What is required: Each line of the listing that includes the string "комплект" needs to be located and copied.

Supplied material:
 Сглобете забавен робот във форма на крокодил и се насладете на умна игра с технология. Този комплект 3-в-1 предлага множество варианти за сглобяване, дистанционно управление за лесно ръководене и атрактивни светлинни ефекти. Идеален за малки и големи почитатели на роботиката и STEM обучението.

--

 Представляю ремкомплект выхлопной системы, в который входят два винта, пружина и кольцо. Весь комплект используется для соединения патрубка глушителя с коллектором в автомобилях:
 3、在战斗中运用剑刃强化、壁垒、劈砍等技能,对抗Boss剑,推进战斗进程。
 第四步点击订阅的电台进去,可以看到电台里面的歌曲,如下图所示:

Exercise answer:
 Сглобете забавен робот във форма на крокодил и се насладете на умна игра с технология. Този комплект 3-в-1 предлага множество варианти за сглобяване, дистанционно управление за лесно ръководене и атрактивни светлинни ефекти. Идеален за малки и големи почитатели на роботиката и STEM обучението.
 Представляю ремкомплект выхлопной системы, в который входят два винта, пружина и кольцо. Весь комплект используется для соединения патрубка глушителя с коллектором в автомобилях:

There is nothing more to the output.